IHRAM.CO.ID, JAKARTA -- Haji furodah masih memiliki masalah tersendiri. Hal itu diungkapkan Wakil Ketua Komisi VIII DPR Iskan Qolba Lubis.
Menurut dia, persoalan yang dimaksud masih seputar pelaksanaan di lapangan. Misalnya, ketiadaan maktab, sehingga para jamaah haji furodah kadang kala mesti ikut dengan para jamaah haji reguler.
“Memang ada masalah di jamaah (haji) furodah ini. Jadi umpamanya di Saudi kita punya sekian maktab, nah jamaah (haji) furodah ini dimasukkan di dalam maktab-maktab ini bersama peserta haji kuota,” ujar Iskan Qolba Lubis saat dihubungi Republika.co.id, Kamis (28/2).
Seseorang yang terdaftar sebagai jamaah haji furodah akan diberi visa haji melalui undangan Pemerintah Kerajaan Arab Saudi. Visa itu di luar kuota visa haji reguler yang sudah menjadi jatah pemerintah RI.
Menurut Iskan, jamaah haji dengan visa furodah tidak perlu membayar berbagai biaya maktab, semisal layanan air atau sewa tempat. Dengan begitu, bila seorang jamaah furodah berada di maktab jamaah haji reguler, maka yang tersebut akhir itu mesti berbagi layanan dengan jamaah haji furodah.
“Yang mengendalikan urusan maktab di Saudi itu bukan Indonesia. Jadi (oleh Arab Saudi) dimasukkan dalam maktab-maktab itu (milik jamaah haji kuota), jadi mengurangi jatah jamaah haji kuota,” jelas dia.
Jamaah haji furodah hanya disediakan tempat oleh pemerintah Arab Saudi ketika mereka berada di Arafah dan Mina. Iskan mengungkapkan, ketersediaan tempat itu adalah kewenangan pemerintah setempat. Pemerintah RI, dalam hal ini Kementerian Agama, tidak bisa ikut campur.
Oleh karena itu, dia berharap, persoalan haji furodah dapat disertakan dalam Undang-Undang Haji yang kini sedang direvisi.
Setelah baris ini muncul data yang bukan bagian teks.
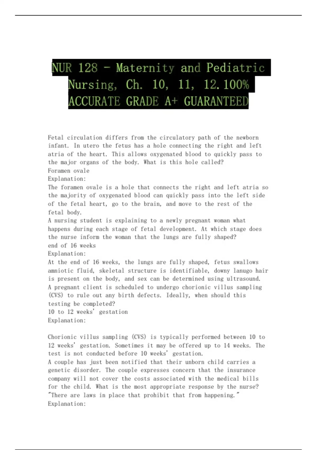 NUR 128 - Maternity and Pediatric Nursing, Ch. 10, 11, 12.100% ACCURATE GRADE A+ GUARANTEED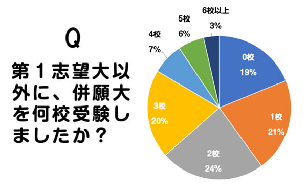また、「1校」と回答した人は21%で、合計すると「併願大は1~3校」という人が約6割という結果に。

“(Kalau haji furodah sudah masuk UU Haji) kita akan minta Arab Saudi supaya jamaah furodah itu dibuat maktab sendiri. Itu juga kalau Saudi mau. Kalau tidak mau, kita tidak bisa memaksa,” papar dia.
Selama ini, menurut dia, pemerintah RI tidak pernah mengetahui berapa jumlah visa jamaah haji furodah yang diperoleh pihak swasta. Alasannya, hal itu tidak masuk dalam UU Haji, padahal ketiadaan data yang pasti dapat menyulitkan pemerintah ke depannya.
“Kalau kita resmikan (visa haji furodah dalam UU Haji) nanti bisa terdata di dalam sistem kita. Kalau mereka (swasta) tidak mau memberikan datanya, ya akan kena tegur,” kata Iskan.